And I gather that you believe this is The one dev - there is a sizeable team
making this game.

------
DanHulton
Yeah, this all tracks. I made a "simple" Slack RPG because I was tickled about
the concept and the potential pun of the name (Slack & Slash, though Slack
very predictably asked for me to change it to something a little less
affiliated-sounding). I figured I'd drop six months on it and release it and
see if anyone liked it.

Cut forward two years later, a couple of rewrites (from idle game to turn-
based combat, then from a monthly competition to a long-term progression with
multiple classes), and finally I launch. It got approved by Slack, it goes up
on the app directory, I make a couple key reddit posts, and... Like 5 new
users.

I'm sure folks here can tell the problem already - spending 2 years on
development and maybe a couple days on marketing is always a recipe for a
shitty launch.

Over and over again, I read stories like this and think "thank God this is
just a hobby for me and not my main source of income, not something I took out
a loan to achieve." I like to think that if it were a more serious thing, I'd
have been more serious about the marketing, but even still, that's no
guarantee.

Oh, also - I'm up to about 20 daily users these days. Even with that few, I
still get nervous pushing out any new code. Getting very polite "Hey, the game
isn't working" emails while I'm stuck at the day job and can't go fix it is
devastating. I've ended up with a weird release schedule because of it - I
generally only roll out code on Friday evenings, so that I have as much time
as possible to fix potential bugs.

------
vinceguidry
I really wish more people would appreciate the human cost of building things
by themselves instead of just chalking it all up to 'the creative journey' or
some shit. It could potentially open up some really interesting service
business models.

If I start just about any other kind of business other than a creative one, I
can buy products or services that will help me get to market 10x easier than
if I try to go it without. But if I try to venture outside of established biz
modes and start to wander into the creative, I don't have to go far before I'm
in an awkward no man's land of ugly, no one cares kind of having to burn the
candle at both ends in order to push through to some kind of stability, and
this article shows that that stability is a mirage.
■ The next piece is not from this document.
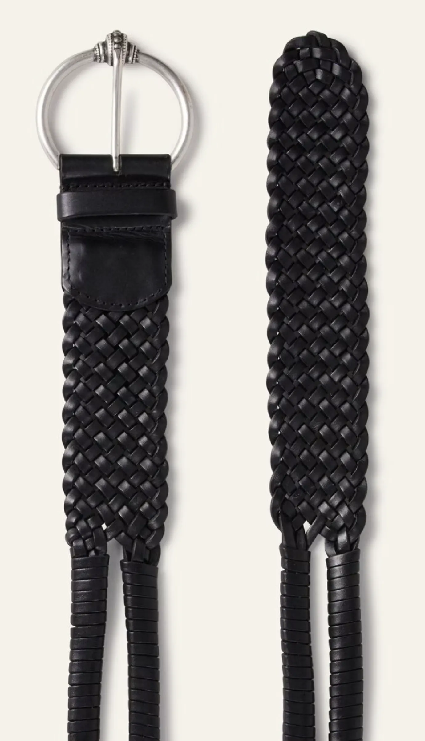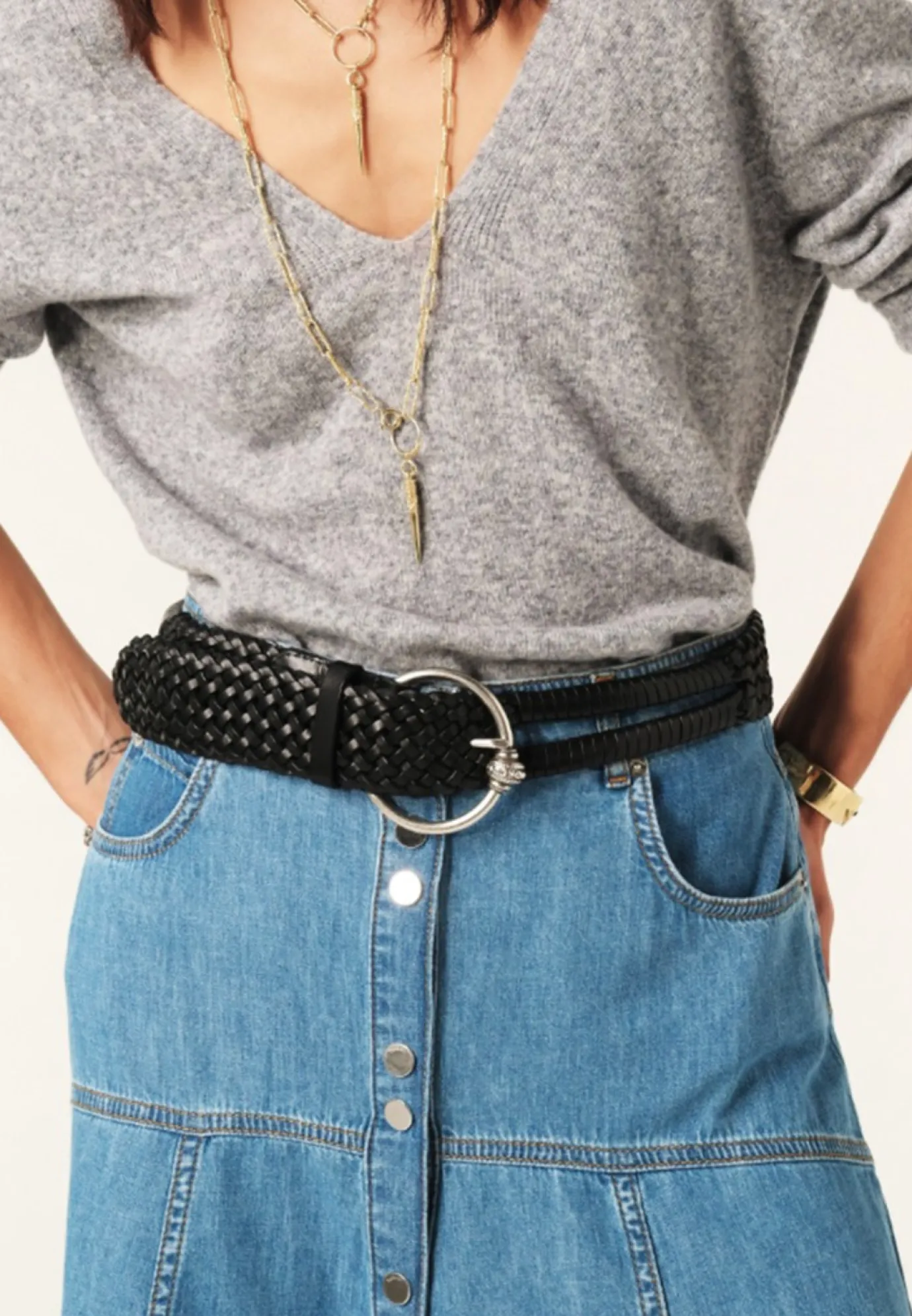 Elevate your outfit with the Brisbane Black Belt, expertly crafted in Spain from premium cowhide leather. Its timeless black woven design pairs beautifully with Ba&sh dresses, while the oversized buckle adds a sophisticated focal point. Perfect for defining your waist and enhancing your silhouette with understated elegance.

The historical answer has always been to collect your efforts into an
industry. And yeah, that option is there. You can go work for EA.
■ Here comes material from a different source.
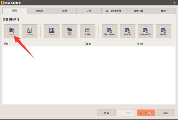 5、接下来,回到IperiusBackup新建备份作业的“项目”操作界面,在此界面中,再次点选需要IperiusBackup备份的文件,再点击其右下方的“下一个”按钮。

But it would be so much better if the games industry didn't have to eat its
young. Or at least, not _all_ of its young.

Hollywood's answer to the problem has been to double down on the community. If
you want to be a screenwriter, first you need to realize that it's a hard hard
thing to break into, there are always going to be more people looking to break
in than there will be jobs, but you can still at least find a little bit of
glory in the industry through YouTube or temping or whatever while you figure
out what your plan B is. And everyone around you is going to help you figure
these hard things out.

But you want to break into gaming? Haha fuck you buddy. Nobody gives a shit,
go work for EA and get shit out when you finally stop making them quite as
much $$$ as you did when you were young and stupid. Sure, go make your own
games, I don't give a shit, don't expect any kudos from me, better hope you
didn't dare spend any company resources on it because yes, we will sue the
shit out of you for daring to get bigger than your britches.

I guess this is just my fervent hope that every industry can figure out how to
be like craft beer.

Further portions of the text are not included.